Work item: Omit all pictures and transcribe only the lines in the entries below that run from the line with "Eslifey Pencil Case, Tropical" through the line with "1位 殺せんせー(暗殺教室)".

(Stored data entries)
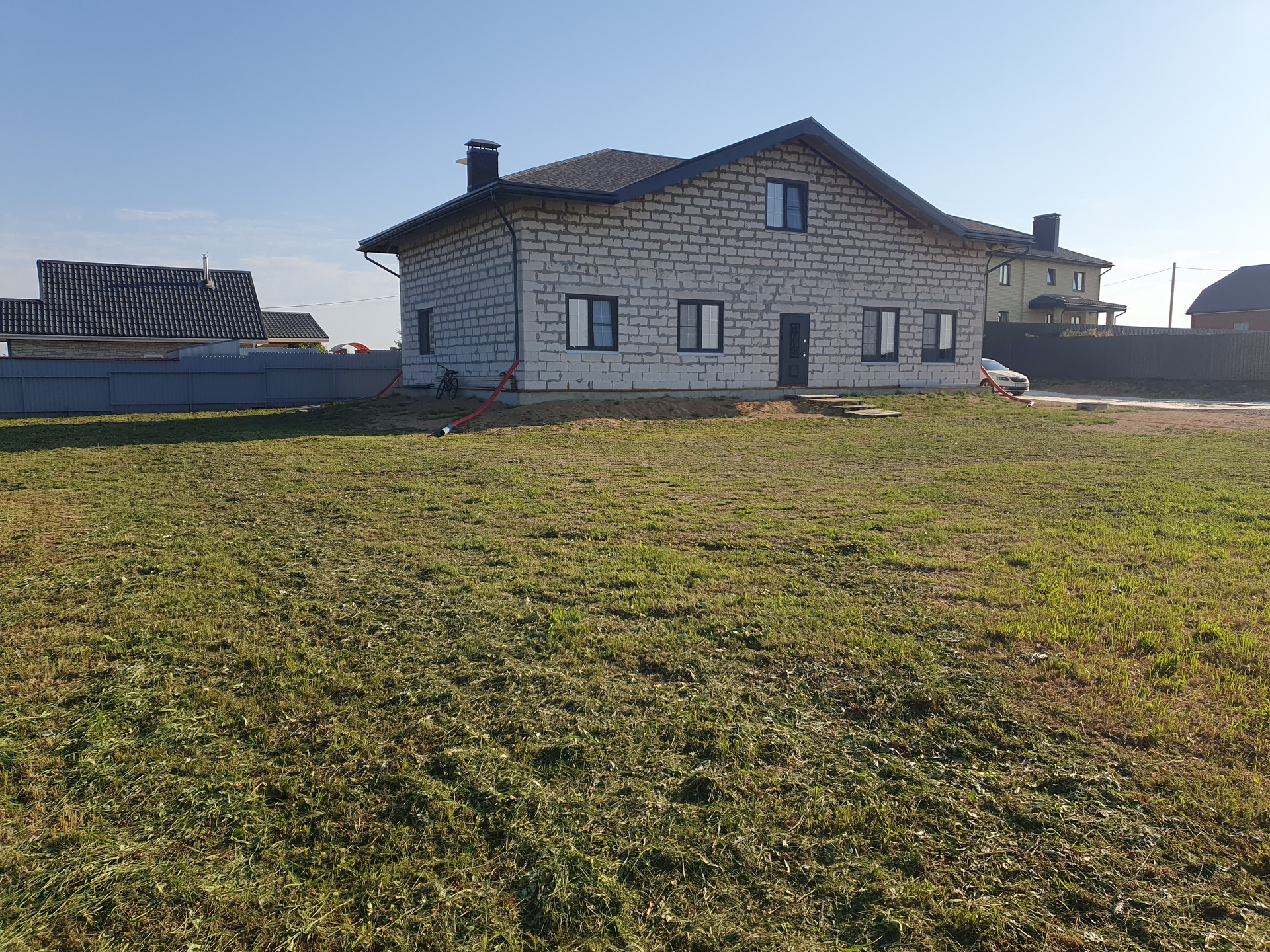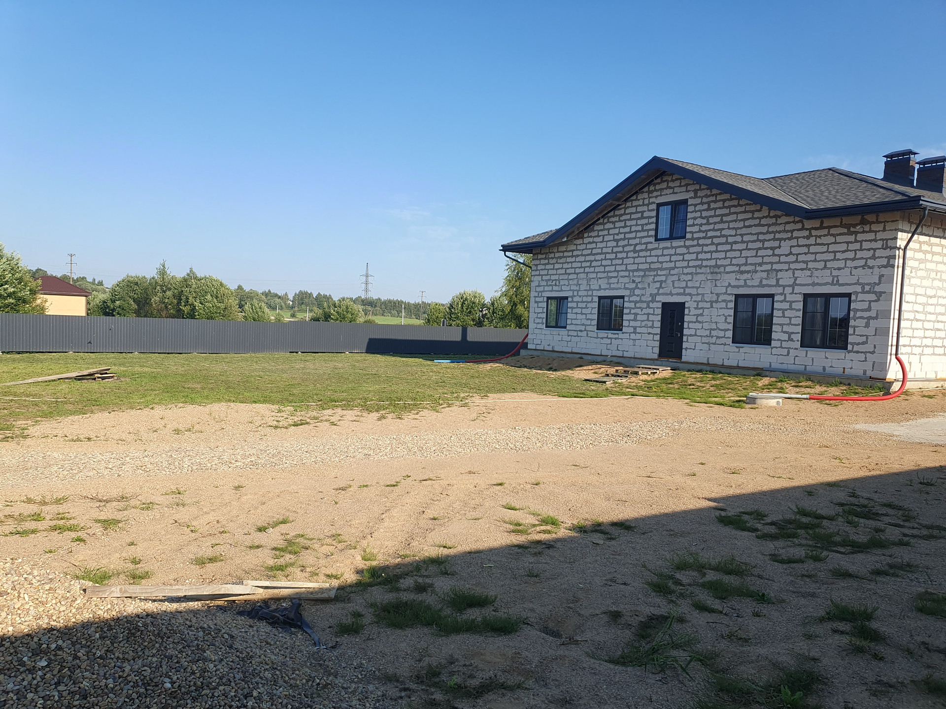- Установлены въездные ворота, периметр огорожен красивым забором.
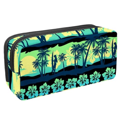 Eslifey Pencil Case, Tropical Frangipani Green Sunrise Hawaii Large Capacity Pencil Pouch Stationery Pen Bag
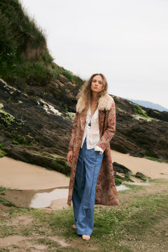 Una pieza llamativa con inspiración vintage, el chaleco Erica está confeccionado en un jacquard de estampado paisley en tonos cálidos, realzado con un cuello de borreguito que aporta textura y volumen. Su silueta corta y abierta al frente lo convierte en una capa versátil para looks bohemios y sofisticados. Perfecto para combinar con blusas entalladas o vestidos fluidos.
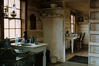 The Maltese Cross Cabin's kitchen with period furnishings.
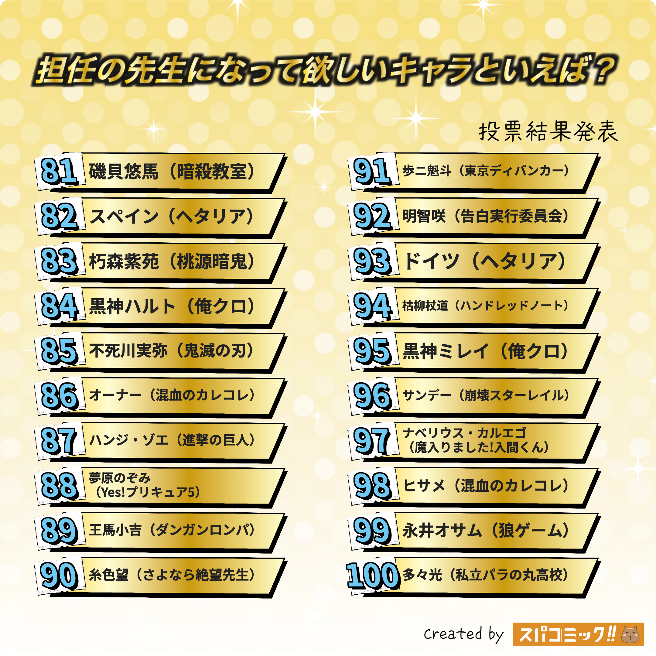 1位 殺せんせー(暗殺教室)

---

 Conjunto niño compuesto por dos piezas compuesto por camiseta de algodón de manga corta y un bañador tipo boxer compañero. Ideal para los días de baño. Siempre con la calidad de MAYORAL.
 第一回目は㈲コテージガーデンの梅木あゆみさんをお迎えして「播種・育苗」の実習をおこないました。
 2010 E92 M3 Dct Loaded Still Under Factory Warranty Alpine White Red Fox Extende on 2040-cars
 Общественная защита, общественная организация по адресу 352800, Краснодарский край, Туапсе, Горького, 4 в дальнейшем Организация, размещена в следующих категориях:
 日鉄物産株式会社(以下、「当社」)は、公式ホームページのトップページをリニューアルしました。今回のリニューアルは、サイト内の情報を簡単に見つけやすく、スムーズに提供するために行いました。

---

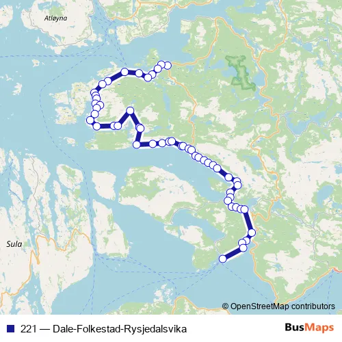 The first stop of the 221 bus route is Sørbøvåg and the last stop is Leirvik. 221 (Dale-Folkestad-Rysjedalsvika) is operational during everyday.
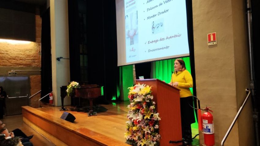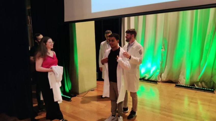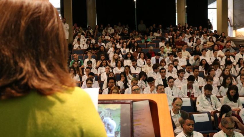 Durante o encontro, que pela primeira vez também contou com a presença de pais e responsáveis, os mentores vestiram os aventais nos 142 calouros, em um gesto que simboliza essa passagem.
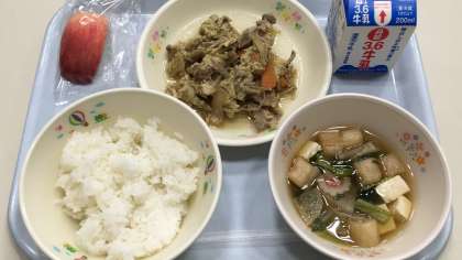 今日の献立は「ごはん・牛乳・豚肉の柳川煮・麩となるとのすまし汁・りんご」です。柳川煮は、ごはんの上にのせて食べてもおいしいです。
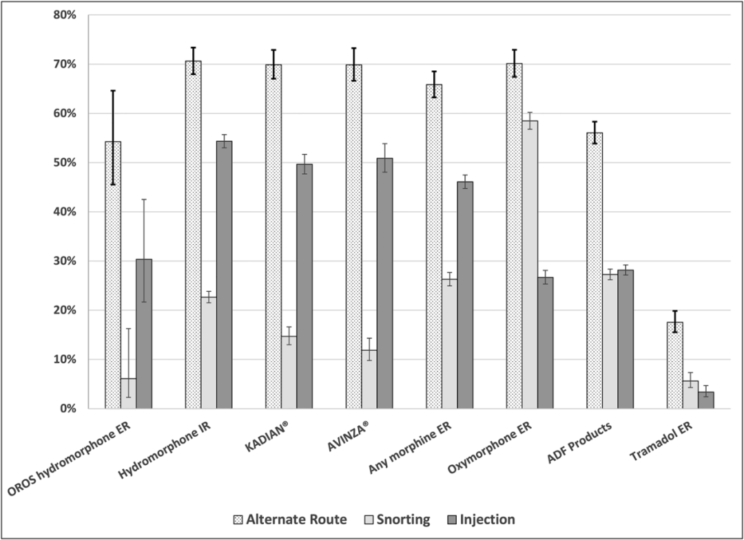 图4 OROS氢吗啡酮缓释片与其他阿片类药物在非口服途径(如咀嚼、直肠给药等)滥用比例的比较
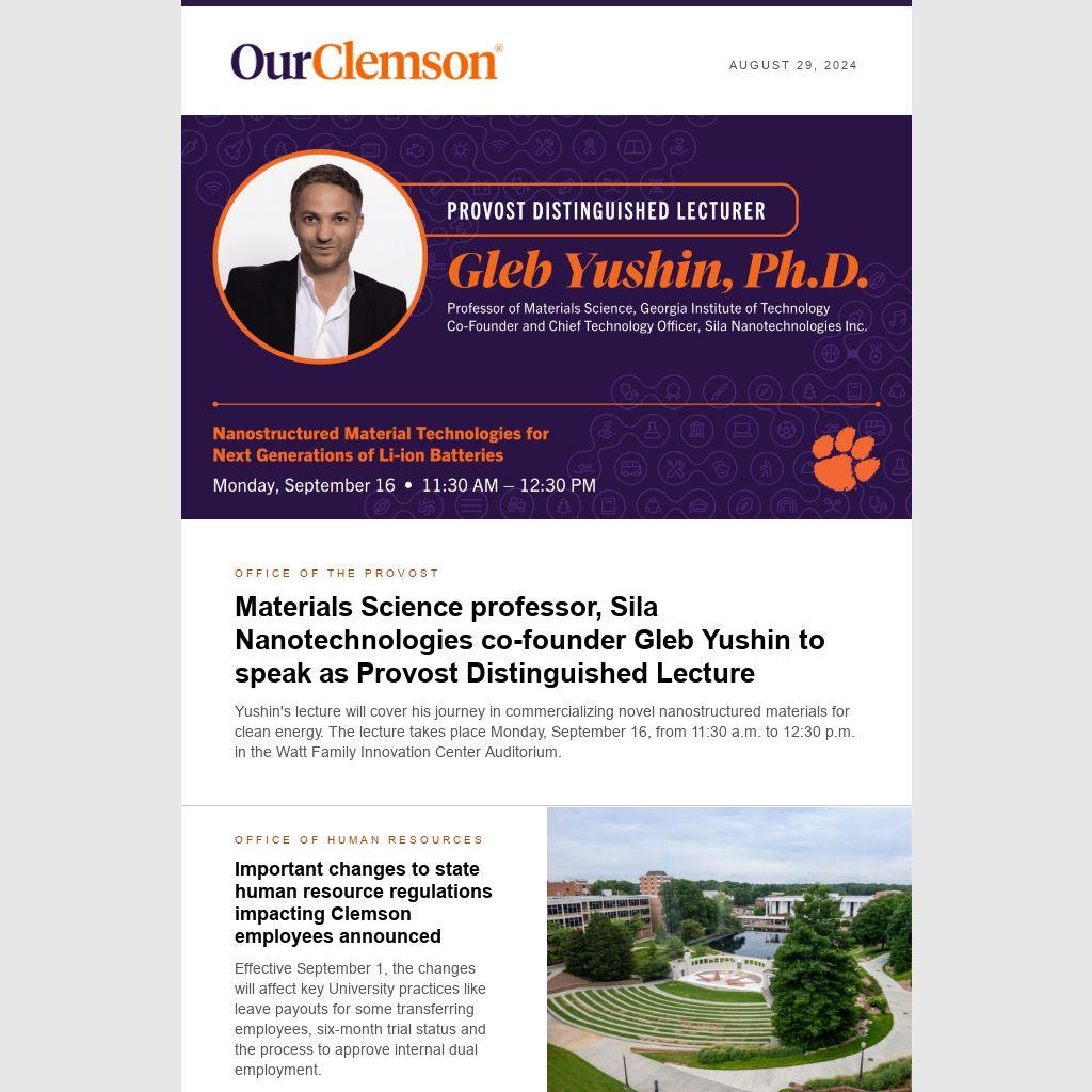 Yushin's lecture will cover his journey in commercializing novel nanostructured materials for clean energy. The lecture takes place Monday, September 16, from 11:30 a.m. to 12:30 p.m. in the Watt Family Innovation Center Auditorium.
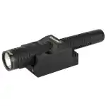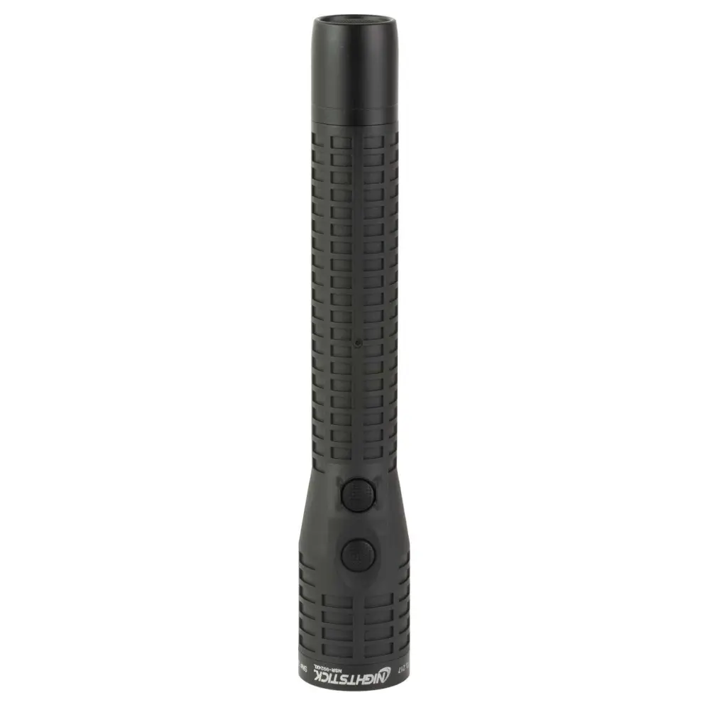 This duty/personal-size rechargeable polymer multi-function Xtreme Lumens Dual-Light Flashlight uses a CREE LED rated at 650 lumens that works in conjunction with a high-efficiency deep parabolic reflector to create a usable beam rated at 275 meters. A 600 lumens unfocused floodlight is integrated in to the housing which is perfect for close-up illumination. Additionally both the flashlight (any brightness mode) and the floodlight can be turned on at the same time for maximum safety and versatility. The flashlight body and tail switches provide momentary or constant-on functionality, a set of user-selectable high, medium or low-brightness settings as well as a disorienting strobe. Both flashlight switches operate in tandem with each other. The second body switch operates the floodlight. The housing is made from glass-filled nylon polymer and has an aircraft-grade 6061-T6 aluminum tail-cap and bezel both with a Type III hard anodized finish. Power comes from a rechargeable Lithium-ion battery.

Exercise response:
 Eslifey Pencil Case, Tropical Frangipani Green Sunrise Hawaii Large Capacity Pencil Pouch Stationery Pen Bag
 Una pieza llamativa con inspiración vintage, el chaleco Erica está confeccionado en un jacquard de estampado paisley en tonos cálidos, realzado con un cuello de borreguito que aporta textura y volumen. Su silueta corta y abierta al frente lo convierte en una capa versátil para looks bohemios y sofisticados. Perfecto para combinar con blusas entalladas o vestidos fluidos.
 The Maltese Cross Cabin's kitchen with period furnishings.
 1位 殺せんせー(暗殺教室)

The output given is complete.